Multi agent deep reinforcement learning to an environment with discrete action space

Hi, I have been doing the udacity deep-reinforcement-learning nanodegree and I came out with a doubt. Do you know or have heard about any cutting edge deep reinforcement-learning algorithm which can be successfully applied for discrete action-spaces in multi-agent settings?

I have been researching and I have found MADDPG and Soft Q-learning algorithms as the top ones in the state-of-the-art. I implemented the first one over an Unity environment and works well! However, they are mainly focused on environments with continuous action space. Although they can be applied to discrete action-space (e.g. MADDPG with gumbel softmax) it seems it is not what they are intended for (I have tried with MADDPG (w/ Gumbel softmax) achieving disastrous results…). In their corresponding papers they don’t give a lot of details of how to use them in these settings.

Can somebody help me with this?

there’s quite a bit if you do a regular google search. here’s a link.
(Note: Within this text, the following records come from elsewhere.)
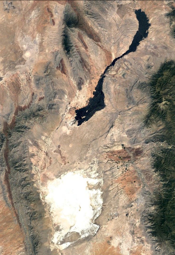 This satellite view shows a striking contrast between White Sands and the Carrizozo Lava Field. The Valley of Fire Recreation Area is part of the lava field, on the north end.
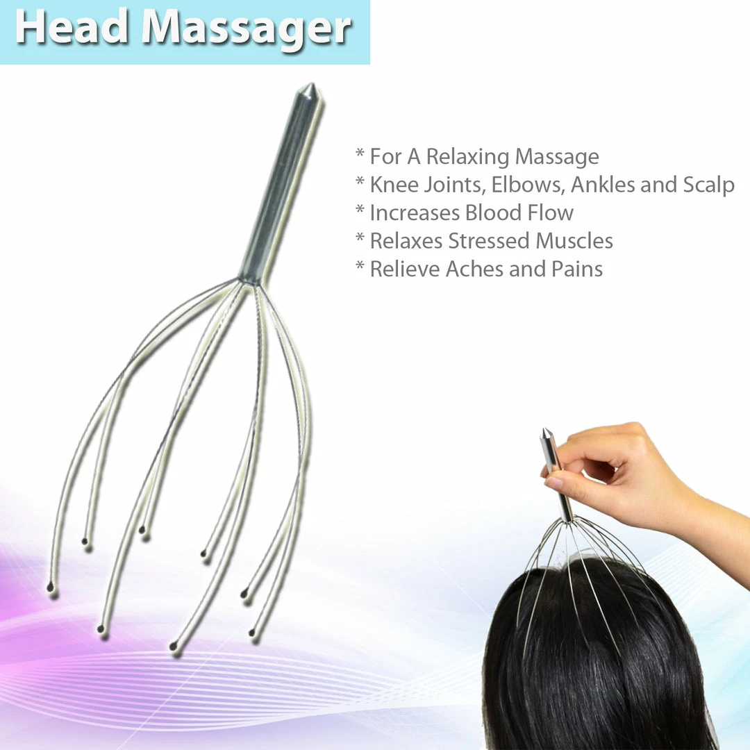 The Head Massager will send tingling sensations from scalp to toes and transport you to a more relaxing place! The custom fit fingers will bend to fit your head. Gently raise and lower the Scalp Massager for a relaxing massage. The smooth tips glide across the surface of your scalp. Use it on your knee joints, elbows, ankles and scalp.
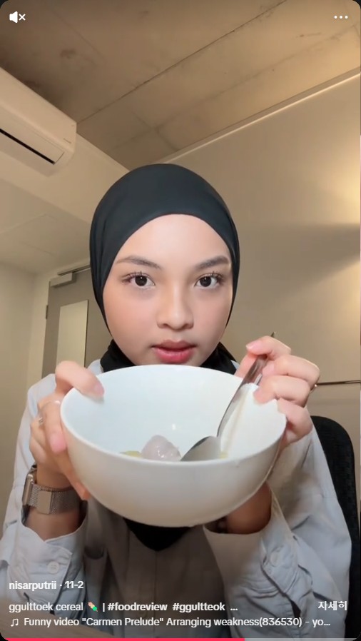 최근 꿀떡 시리얼이라는 이상한 레시피가 해외에서 유행이라고 합니다. 이 레시피를 유행시킨 사람은 틱톡에서 활동하고 있는 중동 사람인 Nisarputrii라는 사람인데요, 참 신기하죠? 중동 사람이 한국의 꿀떡을 안다니 말입니다. 이 사람은 어떤 사람인지 알아볼게요.
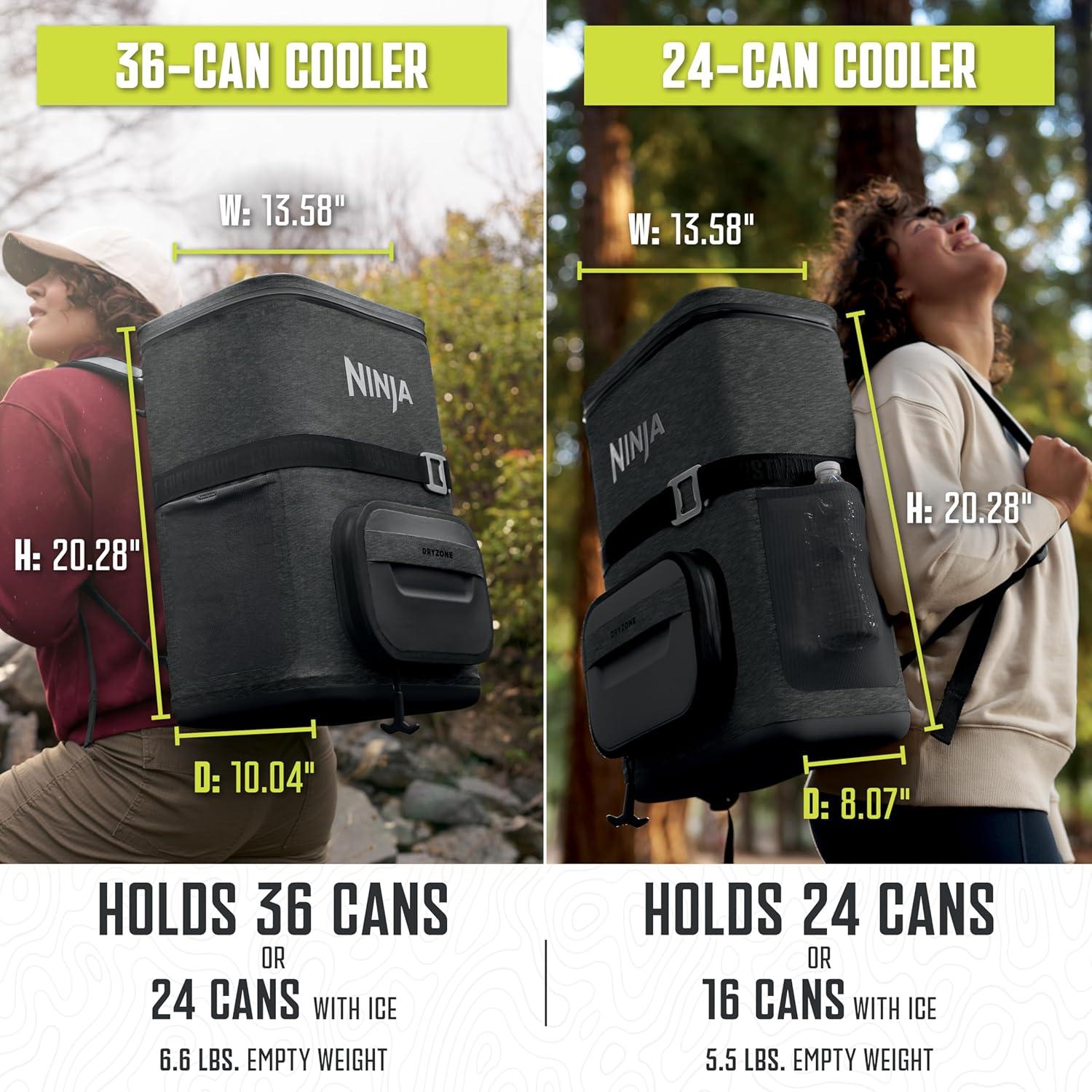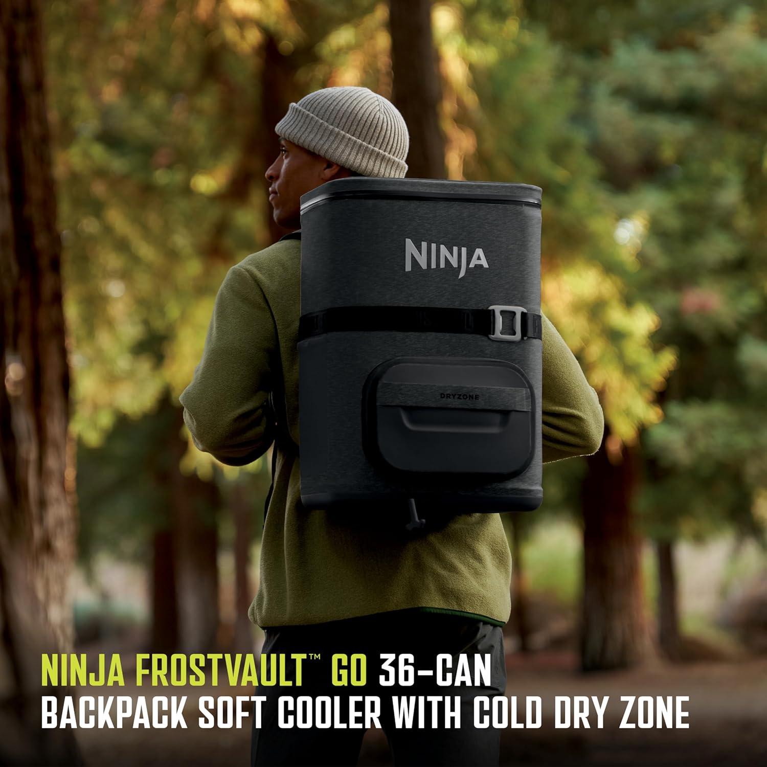 Ninja FrostVault Go Can Soft Cooler, 24/36 Can, Leak Proof, Built-In Cup Holder, 2 Ice Packs & Dry Storage Drawer, Polyester Insulation, Hiking, Camping, Picnic(Dark Grey)
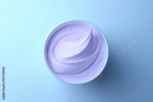 A smooth, lavender-colored cream swirls in a minimalist bowl against a soft blue backdrop, evoking calm and serenity.
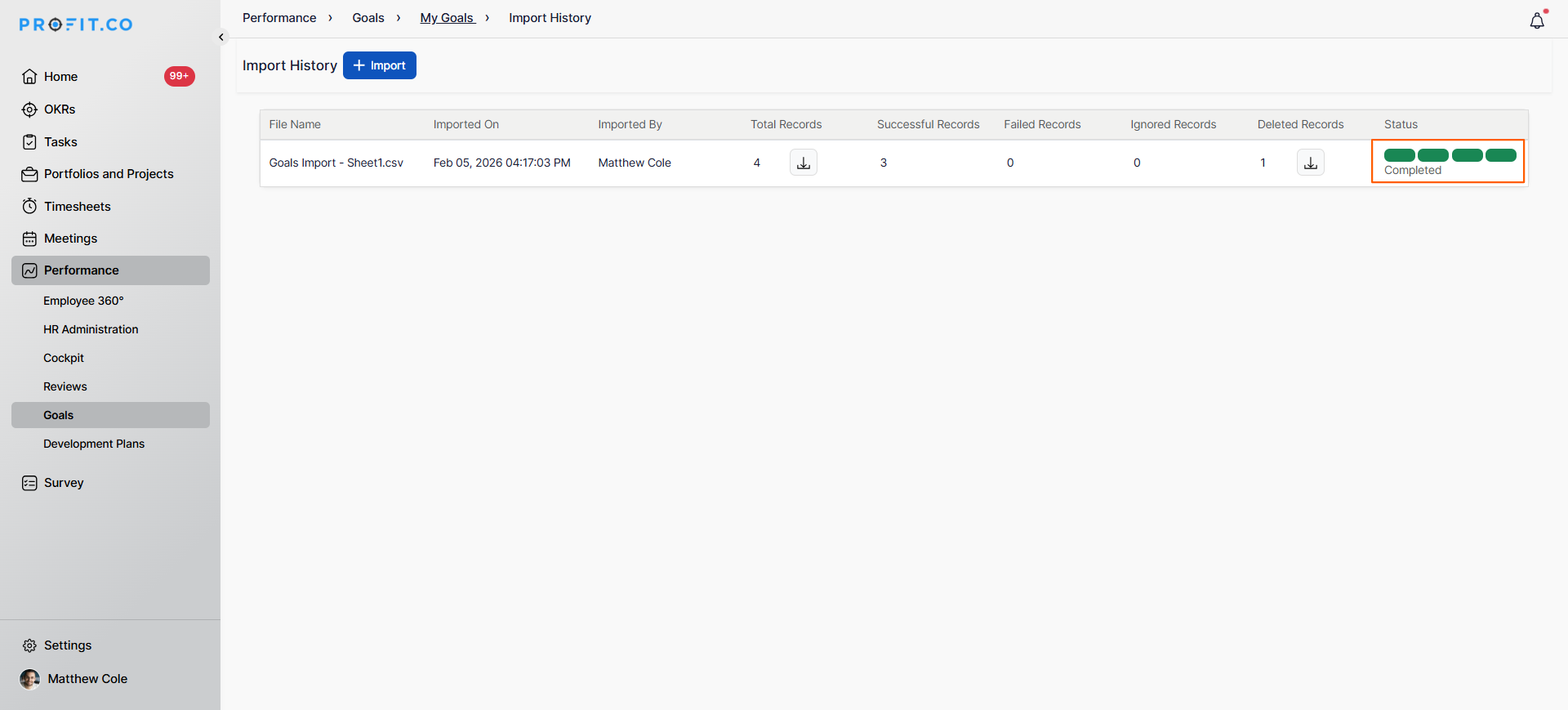 The Import Goals feature allows you to bulk upload multiple goals from a CSV file instead of creating them one by one. This saves time when setting up goals for multiple team members or when migrating goals from another system.
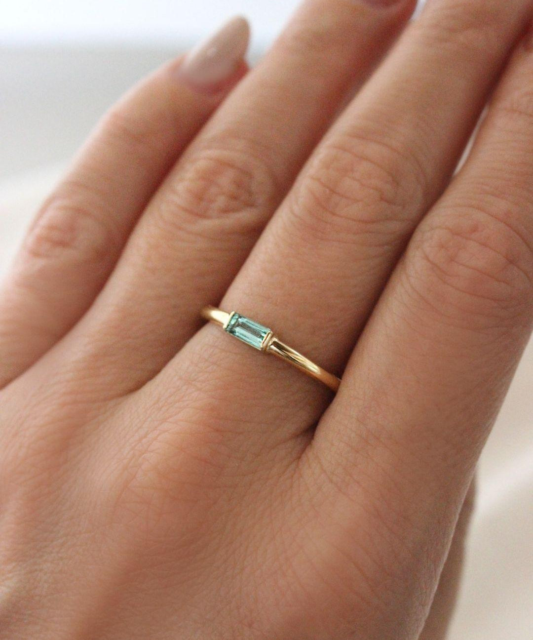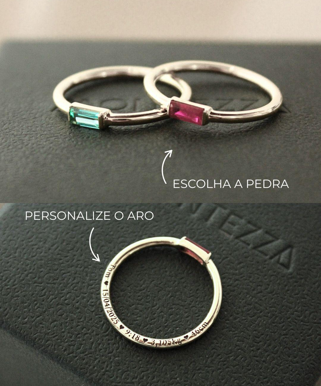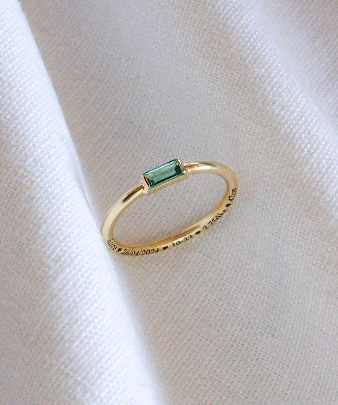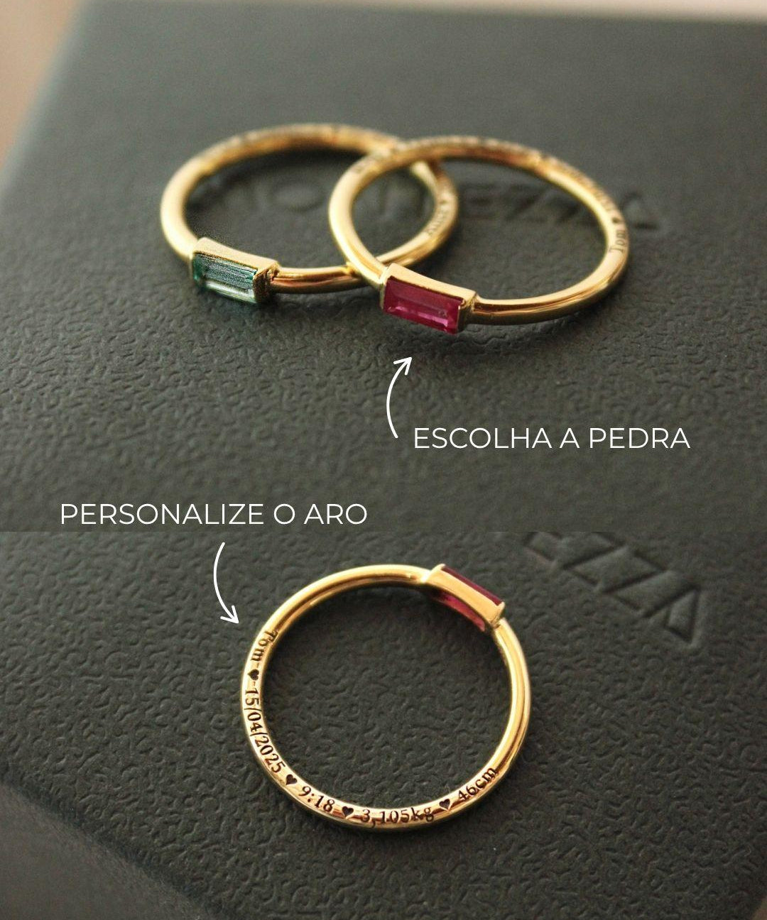 Anel Baguete Memórias Lili Personalizado Ouro 18K

Concerning the soft-Q learning approach, the adaptation to discret worlds looks simple:

in the critic update, use
Q(a,s) = r(a,s) + sum_s’ ( T(s’|a,s) * V(s’) )
V(s) = log( sum_a exp( Q(a,s) / alpha )

and directly compute the new policy
pi(a|s) = softmax( Q / alpha ) (a,s)
directly for all agents.

Q learning was originally developed for markov decision processes with discrete action spaces.A fine example:

But this is not multi-agent…

same here, this is not multi agent

The paper you mention about multi-agent soft-Q learning is a centralized approach, where each agent are sharing a common critic, with a joint policy (one network giving as output one action per agent). My answer focused on that case.